For this task, copy all of the data below exactly and skip the pictures.
** Opening ENTRIES SUPPLIED block **
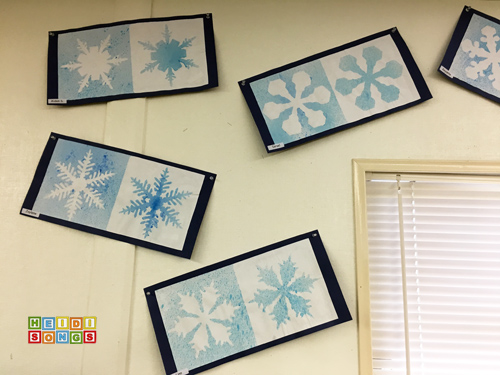 Now comes the only time consuming part: someone needs to tape down the snowflake stencils in advance. I had volunteers help me with that part, but if you don’t have any volunteers, I bet that some fifth graders would be happy to help. The fifth grade teacher at my school is always happy to give her faster workers projects like this, as long as I give her plenty of time to get it done! Now, one problem is that I had ten stencils to work with and 19 kids, so I had to do half of the class one week and half of the class the next week. Of course, some of the kids were a little confused about this even after I explained it, but they understood why they had to wait in the end!
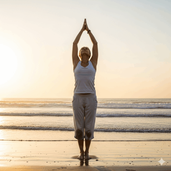 Upward Salute (Urdhva Hastasana) Inhale deeply, raise arms overhead, and gently arch back. This opens the chest and lungs while improving blood circulation.
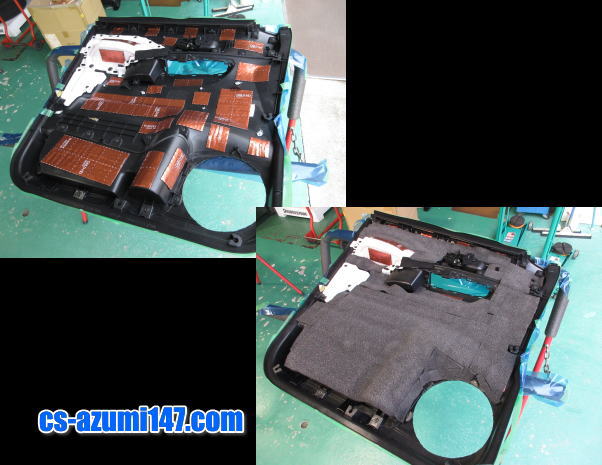 ドアの内張も同様に制振と吸音/遮音施工をさせていただきました。
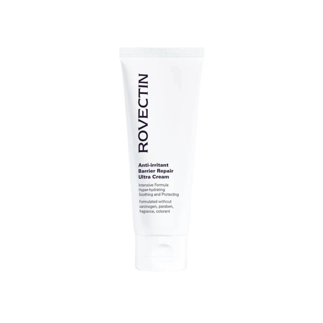 ROVECTIN Anti-Irritant Barrier Repair Ultra Cream is a nourishing moisturizer designed to strengthen the skin's barrier and reduce irritation. It combines Sunflower Seed Oil, Niacinamide, and Ceramides to moisturize and repair, while natural extracts like Turmeric and Moringa Oil soothe and protect the skin. Ideal for sensitive or dry skin, this cream helps to restore a healthy, hydrated complexion.
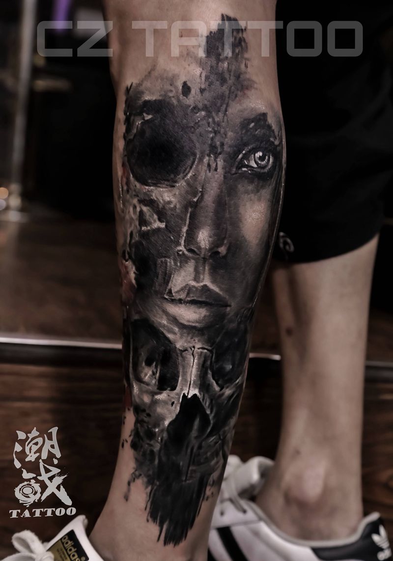 当前位置: 首页 >上海市纹身店-上海纹身潮战TATTOO纹身图案>暗黑酷女郎纹身图片_腿部欧美写实金属暗黑骷髅纹身图案
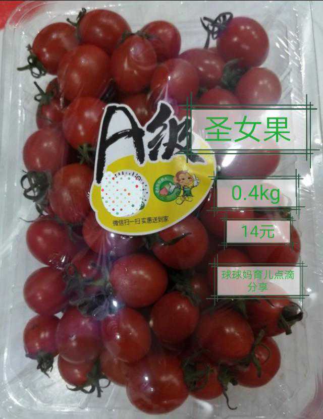 下图买的一盒圣女果重量是0.4kg,价格是14元,吃的量差不多是一盒的三分之一的量(100g多)(如图片)
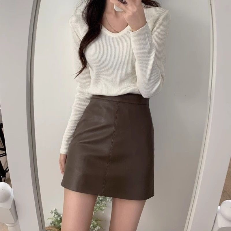 66TT Dress Darling XYJSJMY001 Rok kulit pu hitam pinggang tinggi rok pendek pinggul garis Murah Gratis Ongkir
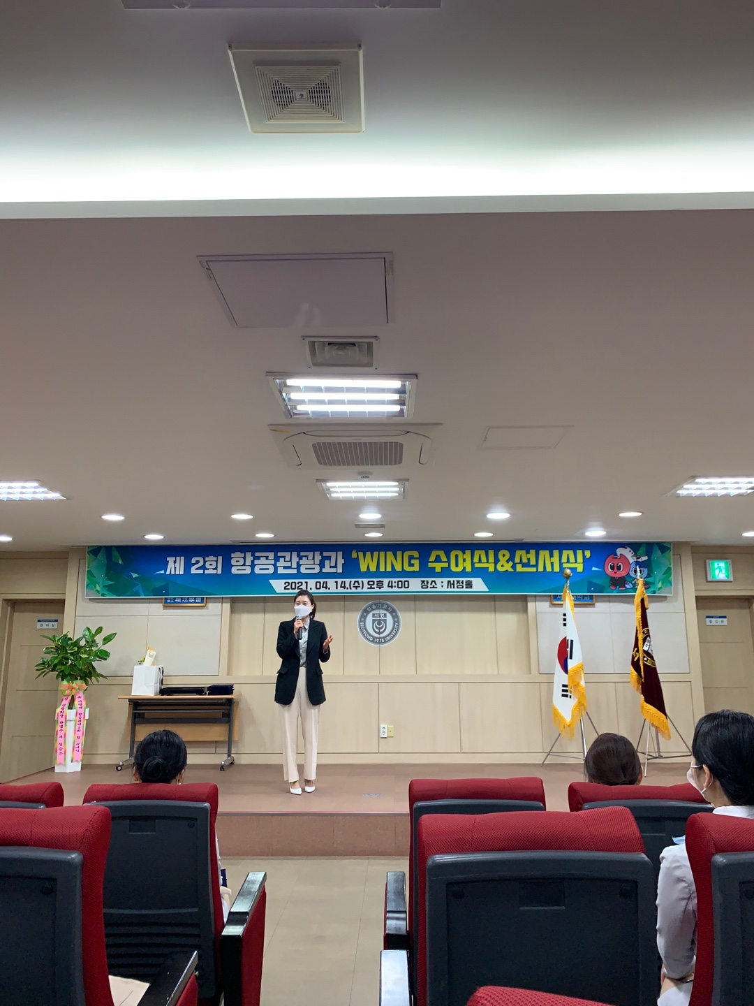 1학년 신입생 대표가 선서식을 하고 20학번 선배들이 21학번 후배들에게 직접 윙을 달아주며 항공관광과의 일원으로 각오를 다지는 뜻깊은 시간을 가졌습니다.
** Closing ENTRIES SUPPLIED block **
● **SOLUTION**
 Now comes the only time consuming part: someone needs to tape down the snowflake stencils in advance. I had volunteers help me with that part, but if you don’t have any volunteers, I bet that some fifth graders would be happy to help. The fifth grade teacher at my school is always happy to give her faster workers projects like this, as long as I give her plenty of time to get it done! Now, one problem is that I had ten stencils to work with and 19 kids, so I had to do half of the class one week and half of the class the next week. Of course, some of the kids were a little confused about this even after I explained it, but they understood why they had to wait in the end!
 Upward Salute (Urdhva Hastasana) Inhale deeply, raise arms overhead, and gently arch back. This opens the chest and lungs while improving blood circulation.
 ドアの内張も同様に制振と吸音/遮音施工をさせていただきました。
 ROVECTIN Anti-Irritant Barrier Repair Ultra Cream is a nourishing moisturizer designed to strengthen the skin's barrier and reduce irritation. It combines Sunflower Seed Oil, Niacinamide, and Ceramides to moisturize and repair, while natural extracts like Turmeric and Moringa Oil soothe and protect the skin. Ideal for sensitive or dry skin, this cream helps to restore a healthy, hydrated complexion.
 当前位置: 首页 >上海市纹身店-上海纹身潮战TATTOO纹身图案>暗黑酷女郎纹身图片_腿部欧美写实金属暗黑骷髅纹身图案
 下图买的一盒圣女果重量是0.4kg,价格是14元,吃的量差不多是一盒的三分之一的量(100g多)(如图片)
 66TT Dress Darling XYJSJMY001 Rok kulit pu hitam pinggang tinggi rok pendek pinggul garis Murah Gratis Ongkir
 1학년 신입생 대표가 선서식을 하고 20학번 선배들이 21학번 후배들에게 직접 윙을 달아주며 항공관광과의 일원으로 각오를 다지는 뜻깊은 시간을 가졌습니다.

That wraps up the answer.